What the students needed more than technology was instructional support. Learning online can feel very lonely. One of my favorite things about doing GEP in person is that I use past students as peer tutors. That part was much harder online. What the GEP did to address the problem was hire online TAs. Our GEP TAs are available 7 days a week for many hours per day to help students who are trying to annotate at home.

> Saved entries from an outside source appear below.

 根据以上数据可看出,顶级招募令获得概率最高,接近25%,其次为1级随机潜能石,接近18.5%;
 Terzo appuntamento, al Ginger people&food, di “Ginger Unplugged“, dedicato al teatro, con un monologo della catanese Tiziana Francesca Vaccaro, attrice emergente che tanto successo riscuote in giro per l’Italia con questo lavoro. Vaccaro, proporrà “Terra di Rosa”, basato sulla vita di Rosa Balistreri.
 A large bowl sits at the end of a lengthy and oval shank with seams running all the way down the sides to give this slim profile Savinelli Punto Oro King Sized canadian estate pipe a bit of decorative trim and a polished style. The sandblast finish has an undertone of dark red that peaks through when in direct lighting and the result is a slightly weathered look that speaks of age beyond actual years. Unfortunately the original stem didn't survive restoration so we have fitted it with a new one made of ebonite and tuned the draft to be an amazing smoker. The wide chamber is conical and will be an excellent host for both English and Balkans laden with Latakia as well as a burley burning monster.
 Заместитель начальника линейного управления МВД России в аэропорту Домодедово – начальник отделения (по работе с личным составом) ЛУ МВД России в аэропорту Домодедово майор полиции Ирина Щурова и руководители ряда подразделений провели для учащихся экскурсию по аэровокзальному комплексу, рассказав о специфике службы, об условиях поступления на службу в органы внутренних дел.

The other nice thing about the TAs is that some of them are former community college students. Now they get to help students from across the country from a wide range of institutions and experience levels. This is great for their confidence, broadens their horizons, and helps them feel connected to a scientific community.
Judith Dilts
Stan Yoshinobu
Thank you for sharing your info about the GEP project! Appreciate especially the comment by the student saying she joined a scientific community! In a nutshell that's what it's about.
Marisol Santisteban
Professor
Thanks for watching our video Stan!
You are absolutely right: that's is what it's about! We actually learned that students find really appealing and motivating that they are part of a larger project. We have a project claim/submission system for all three scientific projects, and students from different institutions may claim the same project. We want to have at least two institutions claiming a project. Then, once the projects are submitted, they are reconciled. Students are aware of the process and thrilled that their project will become part of a larger common effort, and that their annotations will be submitted to publicly available databases.

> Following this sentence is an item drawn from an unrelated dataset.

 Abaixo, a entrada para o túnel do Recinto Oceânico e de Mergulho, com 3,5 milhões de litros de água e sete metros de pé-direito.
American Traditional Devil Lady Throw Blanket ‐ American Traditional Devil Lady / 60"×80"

Also, the more times we remind them of that and the fact that they are doing genuine research, the more fulfilling the experience is for them!
Cheers!
Rita Hagevik
There need to be more programs like this to assist faculty in integrating CURES into undergraduate education for students for sure!
Rebecca Roberts
Congratulations on a great project. I’m curious how the support by the mentors was organized.
Anya Goodman
Professor
Hi Rebecca, thank you! We have two types of mentors: virtual TAs serve to support students and faculty mentors for fellow faculty. Virtual TAs are recruited among students who completed research projects/CURE courses - they are paid, get extra training, and work as a geographically distributed team. In preparation for this presentation, we got amazing submissions from our virtual TAs about their experience - but we could not fit them into this 3-min video for STEM For ALL; this summer, we'll edit/put together a TA video and post it to our GEP website and youtube channel. Faculty mentors for other faculty are volunteers. In our efforts to expand access to training and support for faculty across the country, we started doing virtual training in 2019; when the pandemic hit in spring of 2020 - we already had some experience with training faculty virtually, so we were ready to expand and offer support for more faculty during sudden pivot to online instruction. One of the ideas that came out of original virtual training and from the rapid growth of our community was the need to connect individual faculty members with each other to offer easy access to experienced colleagues. We matched volunteer mentors with newly trained faculty based on similar instructional implementation and if possible - based on geography. In addition to the virtual community, we have a network of regional nodes that during non-pandemic times hold in-person activities. The pandemic did disrupt those plans, but we hope in-person local events will resume soon- that will facilitate communication and connections between GEP members, including newly trained faculty and their volunteer mentors.
Further posting is closed as the event has ended.